4-134 Exhaust Valves
  1. Remove the attaching bolts from the side valve spring cover. Remove the side valve spring cover and gasket.
  2.  
  3. Use rags to block off the three holes in the exhaust chamber to prevent the valve retaining locks from falling into the crankcase, should they be accidentally dropped.
  4.  
  5. Using a valve spring compressor, compress the valve springs only on those valves which are in the closed position (valve seated against the head). Remove the valve spring retainer locks, the retainer, and the exhaust valve spring.
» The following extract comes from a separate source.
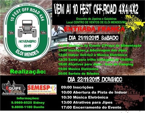 O 10º Festa Off Road 4x4 será nos dias 21 e 22 de novembro na…

Close the other valves by rotating the camshaft and repeat the above operation for the remaining valves.
  6.  
  7. Lift all of the valves from the cylinder block. If the valve cannot be removed from the block, pull the valve upward as far as possible and remove the spring. Lower the valve and remove any carbon deposits from the valve stem. This will permit removal of the valve.
  8.  

INSPECTION AND REFACING



See Figures 8, 9, 10, 11, 12, 13, 14 and 15

  1. Clean the valves with a wire wheel.
  2.  
  3. Inspect the valves for warping, cracks or wear.
  4.  
  5. The valves may be refaced if not worn or pitted excessively.
  6.  
  7. Using a valve guide cleaner chucked into a drill, clean all of the valve guides. Check the valve stem diameter and the guide diameter with micrometers. Valve guides on the 4-134 are replaceable. On the other engines, the guide must be reamed and an insert pressed in, or they may be knurled to bring up interior metal, restoring their diameter. Oversized valve stems are available to compensate for wear.
  8.  
  9. Install each valve into its respective port (guide) of the cylinder head.
  10.  
  11. Mount a dial indicator so that the stem is at 90° to the valve stem, as close to the valve guide as possible.
  12.  
  13. Move the valve off its seat, and measure the valve guide-to-stem clearance by rocking the stem back and forth to actuate the dial indicator.
  14.  
  15. In short, the refacing of valves and other such head work is most easily done at a machine shop. The quality and time saved easily justifies the cost.
  16.  
  17. Inspect the springs for obvious signs of wear. Check their installed height and tension using the values in the Valve Specifications Chart in this section.
  18.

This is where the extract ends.